Xi’s message may not necessarily have been directed at Washington. He must have realised he can’t change the minds of the saber-rattling bunch that, instead of picking up the gauntlet and starting to outcompete China, seems to have only the containment card to play. Xi would have rather addressed the geographies and jurisdictions that matter to him, ie the entire Eurasian plate as much as the Global South that he is keen on integrating into his vision of a vast economic development and trading network.
The fact that China had been a more or less closed country and society before Henry Kissinger swung open the doors doesn’t make China a hegemon in the making just because it has started to look beyond its borders. The Beijing leadership is, as it should be, working for the advancement of its people. No one in China wants to relive the ignominious 19th-century history. But the country is so big now that it is stronger but equally fragile. Any major policy mistake could easily topple the existing equilibrium.
When you read over these new American bills and initiatives, you can’t escape the thought that Washington hasn’t grasped reality. Of course, no one would be willing to surrender a sole superpower status, and the hawkish US foreign policy community is apparently not ready to give in an inch. But at the same time, everyone needs to understand that the world is in a generational transition. China in particular is transforming and will need space and room to manoeuvre in the world.
The more belligerent Washington’s rhetoric becomes, the more Beijing will have to resort to alternative strategic choices, from grooming trading partners in its own ecosystem to militarily securing maritime trade routes, as it has been made clear there will no longer be a reliable accord around the Indo-Pacific. This will almost certainly build up tensions further and not contribute to de-escalation. The big question is whether the rest of the world will side with America by a majority and isolate China.
Massive efforts are being made. The US bill includes a 655 million budget provision to make perceived allies accomplices. For example, Belt and Road countries will be targeted to promote transparency and undo Beijing’s alleged disinformation campaigns. Instead, Asian media will be sponsored to be critical of China and disperse American propaganda. A link-up with American digital and cybersecurity infrastructure is to be proposed to such allies, highly conducive to expand US intelligence in the region.
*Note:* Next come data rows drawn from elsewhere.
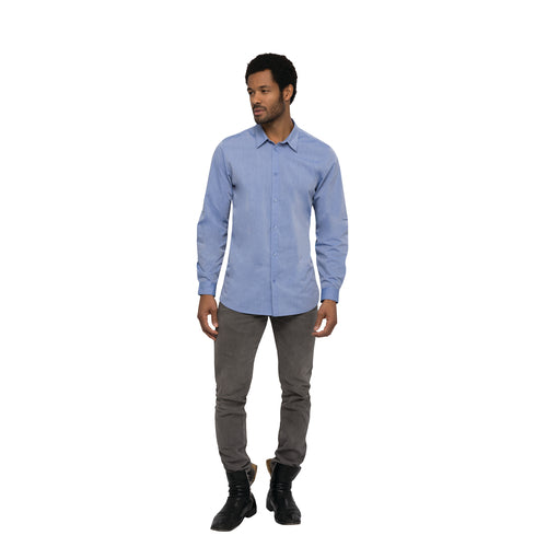 Men's Chambray Dress Shirt, roll-up long sleeves with button tab, 2-button cuff, side hem detail, back yoke with pleats, tonal button front closure, modern fit, finish, 65/35 poly/cotton, blue, L
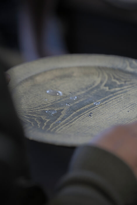 Being inspired by the wooden crafts at [Shimoo Design], Chef Taniguchi decided to give first priority to the tableware for his new restaurant. Chef Taniguchi said, [I decided to order the tableware for my new restaurant from Mr. Shimoo, a long time ago. Do not ask me why, as I cannot give a good answer. However, his works have impressed me since the first time I visited his workshop. They were what I was looking for]. Mr. Shimoo also laughed and said, [I was impressed to hear the idea of Chef Taniguchi, to make use of the whole restaurant to dispatch Toyama. I felt like cooperating with him from the bottom of my heart. I was surprised to receive his order for all the dining tables, as it was only 1 month prior to the opening. I made my best efforts to make it in time].
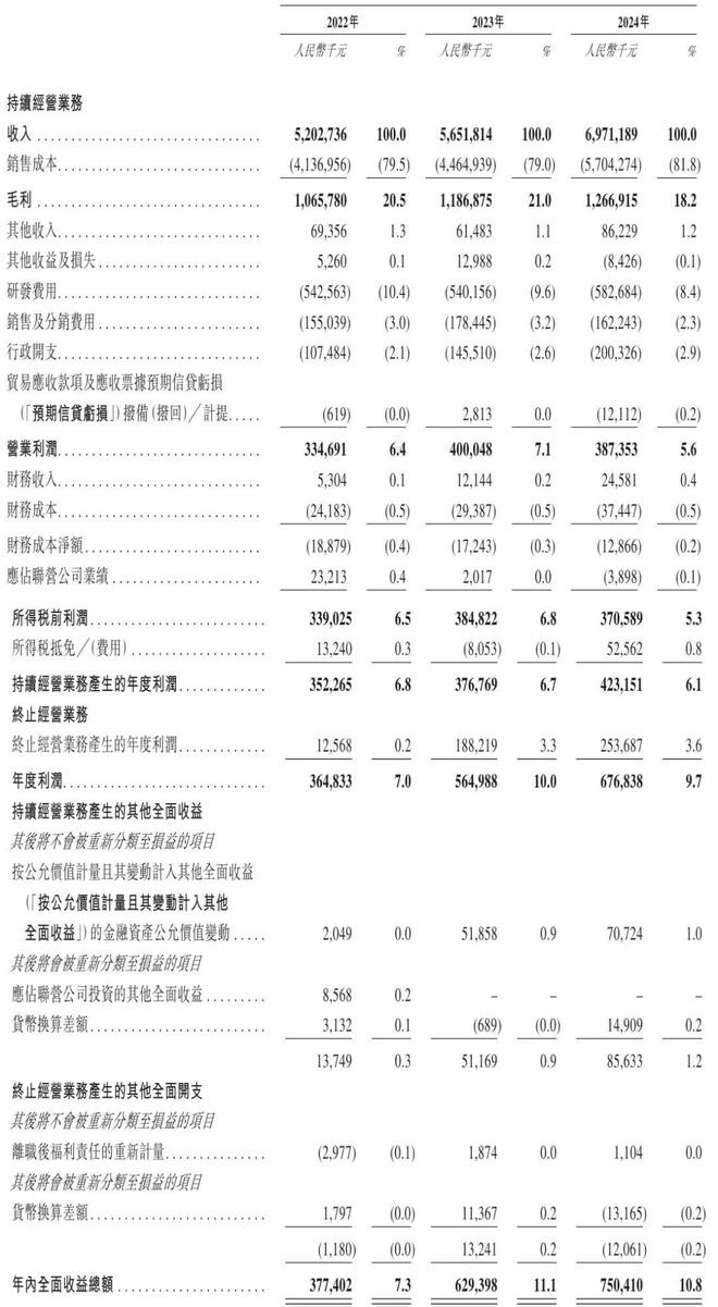 招股书显示,广和通2022年、2023年、2024年营收分别为52亿元、56.52亿元、69.71亿元;毛利分别为10.66亿、11.87亿元、12.67亿元;毛利率分别为20.5%、21%、18.2%。
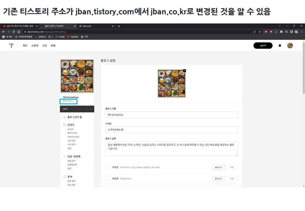 7. 티스토리로 이동. 관리 - 블로그로 들어가서 새 도메인 입력
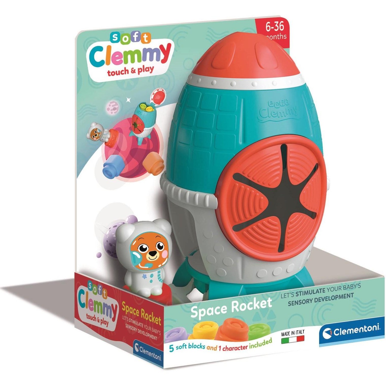 Discover imaginative play with the Clementoni Soft Clemmy Space Rocket set, which includes a charming astronaut figure ready for exploration. This set encourages creative building and exploration through tactile play experiences suitable for young children. The soft blocks are designed to be easily manipulated during cosmic adventures.

In addition, Asian countries will be offered surplus American defence equipment at reduced prices – Philippines, Thailand, Malaysia, Indonesia and Vietnam are being mentioned. Sadly, even educational and research institutions working with China are meant to be scrutinised, and one amendment to the bill indicates a diplomatic boycott of the 2022 Beijing Winter Olympics. Admittedly, this piece of legislation looks comprehensive.
But do we really think that all those so-called stakeholders will be playing their part? China doesn’t even need to become a hegemon in the region. Its ever-larger economic sphere of influence reaches across much of South-East Asia and the Global South. Why would European nations forego the largest consumer market in the world, as long as multilateral principles guide the relationship? And how much corporate lobbying will there be, once it transpires what is at stake regarding US business interests?
China may not be the partner of choice, but opportunistic governments around ASEAN and elsewhere will ultimately follow the money. Sure, if they can procure a few US warships on the cheap, they will go for it. But most are likely to be comfortable with China just because of their own sizeable Chinese diasporas and Confucianism as a basis for China’s proclaimed peaceful rise. And they have not forgotten what China has achieved in the past 25 years. It’s a track record matched by no one and least of all by America.